I must declare an interest in this debate.
I am a proud trade union member.
I was a shop steward.
And yes, I have been on strike.
And I was supported by my fellow trade unionists in all of those, and in getting to this place as well.
And I'll tell you something, I'm proud of all those things.
I'm proud to stand shoulder to shoulder with fellow working people to get a better deal for people who slog their guts out just to get by and get on.
I was proud to represent fellow members when they had a problem at work, making sure they knew their rights and got access to justice when they were wronged. And of course that meant standing up to unscrupulous bosses. But often it meant fewer days lost to sickness, happier staff and lower turnover, and productive negotiations when an issue came up.
And yes, I was proud to stand on a picket line with REMPLOY workers shamefully abandoned by the last government and with low paid women workers fighting against downgrade. As a trade unionist, I knew it was a last resort, not one any of us wanted to take, but when all else fails, that's what is left. And without it, the bad bosses don’t want to negotiate in the first place. Quite simply, it allows working people to have some power over their lives.
Throughout our history working people have had to fight for what we've got.

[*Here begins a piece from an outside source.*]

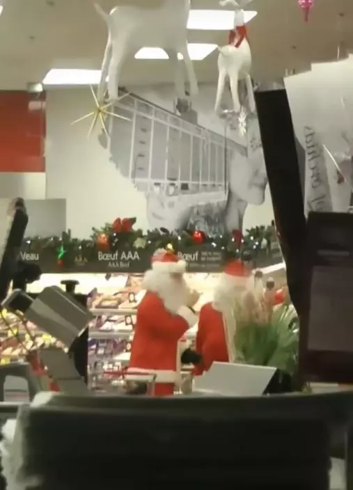 數名男子扮聖誕老人闖超市搶食品分發予貧困人士以此抗議物價飆升。影片截圖

Nothing has ever been gifted to us.
Trade unionists fought for an end to child labour, an 8 hour day, paid annual leave, maternity and paternity pay, universal education, a minimum wage and yes, even the weekend.

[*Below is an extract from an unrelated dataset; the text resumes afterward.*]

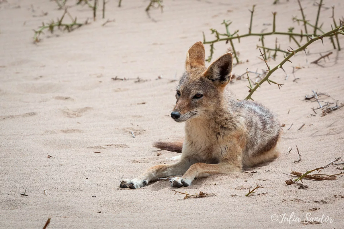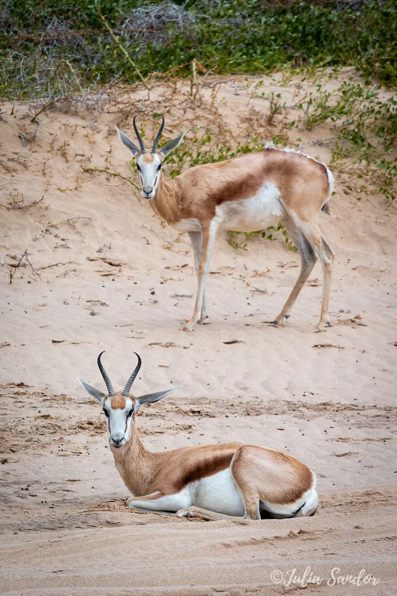 The way back is real fun, Ati lets the car down on dunes which have an inclination of about 50-60 degrees. The girls are loudly protesting on the back seat, but no use – we are already half way down. Amazing feeling. We see some jackals and springboks on the way, and we arrive back to civilization.

Key to that was an organised voice in politics.
It is no secret that the affiliated trade unions support many of us on these benches, while those opposite rely on big businesses, corporations and wealthy individuals.
And for decades there has been consensus that any changes to political funding rules should be done on a cross party basis.

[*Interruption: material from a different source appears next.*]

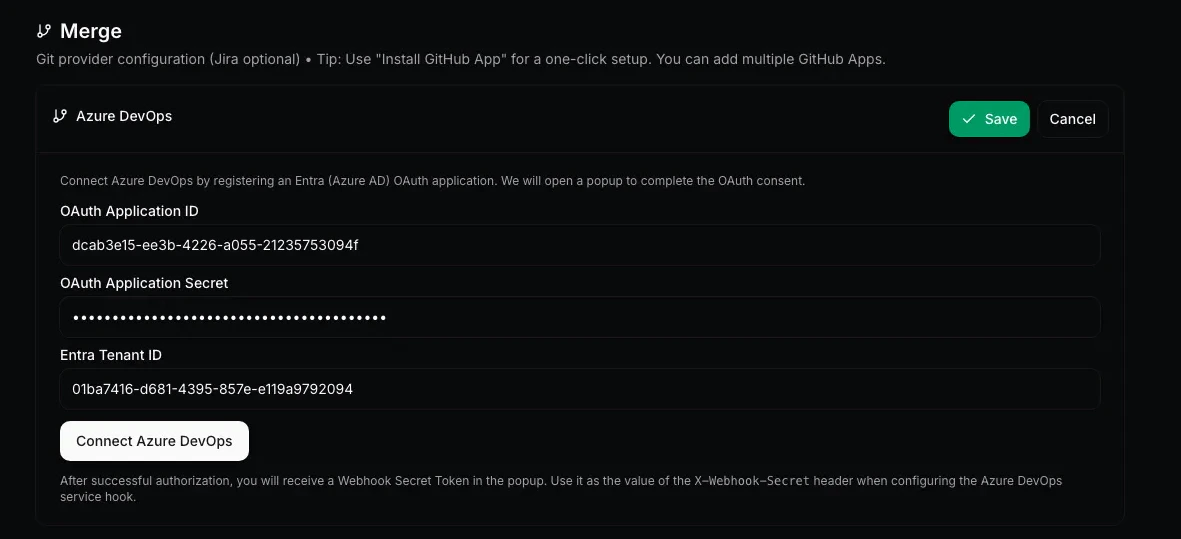 To install Qodo on Azure DevOps you need:- A single-tenant Qodo environment configured for Azure DevOps, including the Qodo webhook endpoint, provided by Qodo. Azure connection details (tenant ID, client ID, and client secret) are generated as part of the Microsoft Entra ID application registration during setup. Multi-tenant customers should contact Qodo to discuss the appropriate configuration.

This Bill, like so many others, rips up the constitution for a naked political attack - an attack on the ability of trade unions and their members to have a say in politics, just at the time when it has never been more important that working people have a voice.
At the moment hundreds of thousands of working people pay a few pence from their union subs to make their voices heard – paramedics or cleaners who don't have the luxury of a cosydinner with the chancellor; supermarket workers who won’t catch the Secretary of State on the veg aisle and teaching assistants who aren't likely to bump into the Prime Minister on the street. And indeed the last time someone did bump into the PM in West Yorkshire, it didn't end that well!
Trade union members know if their unions are affiliated to Labour and we can opt out of making a contribution to the political fund.
And every 10 years we are balloted as to whether they want a political fund at all.
There is no real wrong that this Bill is trying to right. It is not about high principle, just low politics.
Madam Deputy Speaker, I am not afraid to say that I am a working class woman when there are too few in this House. I spent my life before I came here working on the front line of our services,for the police supporting victims of crime and for our NHSsupporting all who needed care. When I walk round my constituency time and again people say that they want to see more people 'like them' in parliament.
So I am not ashamed of trade unions’ political work – they are a part of our democracy, not a barrier to it.
Working people in my constituency need a voice more than ever. This government would rather silence us than listen, but I for one will never stop standing up and speaking out for the people I represent, and it is in that spirit that I will oppose this Bill.